2. Dari keinginan itu dapat dipetiknya kehendak-kehendak yang realistis dan yang benar-
benar dapat dicapai.
3. Meyakinkan kelompoknya mengenai apa-apa yang menjadi kehendak mereka, mana yang
realistis dan mana yang sebenarnya merupakan khayalan.
Tugas pemimpin tersebut akan berhasil dengan baik apabila setiap pemimpin memahami
akan tugas yang harus dilaksanakannya. Oleh sebab itu kepemimpinan akan tampak dalam
proses dimana seseorang mengarahkan, membimbing, mempengaruhi dan atau menguasai
pikiran-pikiran, perasaan-perasaan atau tingkah laku orang lain.
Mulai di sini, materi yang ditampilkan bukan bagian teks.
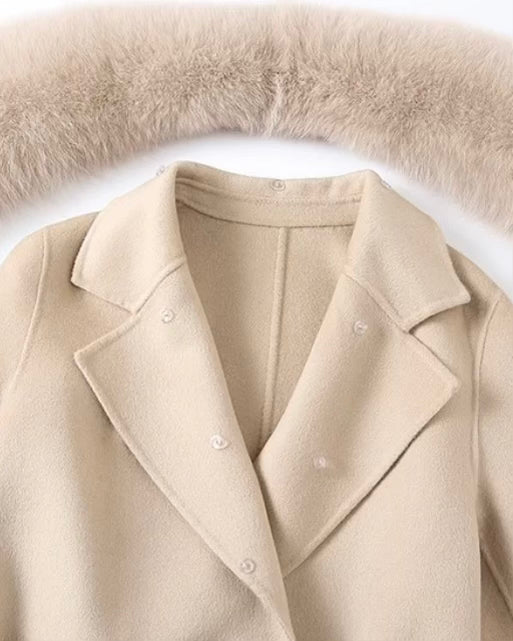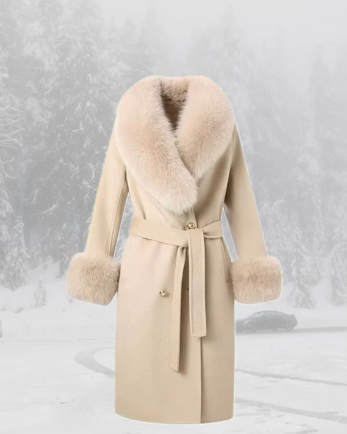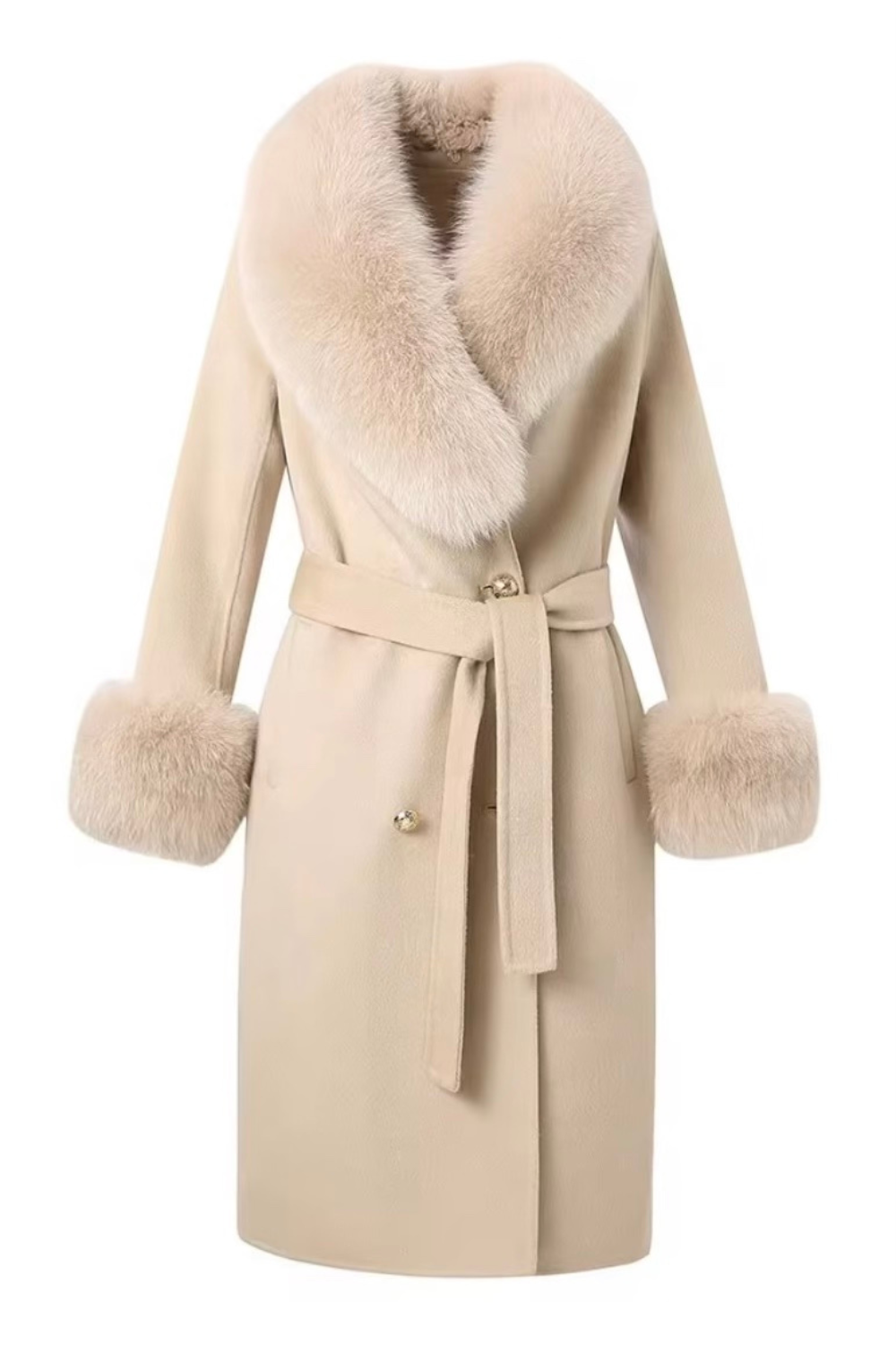 The Kensington is cut from the finest wool and trimmed with plush fox fur, creating an instant showstopper. The luxe fur collar and cuffs frame the silhouette with timeless elegance, while gold buttons and a self-tie belt bring a polished finish. Designed with removable fur for easy dry cleaning, this piece blends practicality with high-end style. Perfect for both statement moments and classic wear.

Untuk keberhasilan dalam pencapaian sutu tujuan diperlukan seorang pemimpin yang
profesional, dimana ia memahami akan tugas dan kewajibannya sebagai seorang pemimpin,
serta melaksanakan peranannya sebagai seorang pemimpin. Disamping itu pemimpin harus
menjalin hubungan kerjasama yang baik dengan bawahan, sehingga terciptanya suasana kerja
yang membuat bawahan merasa aman, tentram, dan memiliki suatu kebebasan dalam
mengembangkan gagasannya dalam rangka tercapai tujuan bersama yang telah ditetapkan.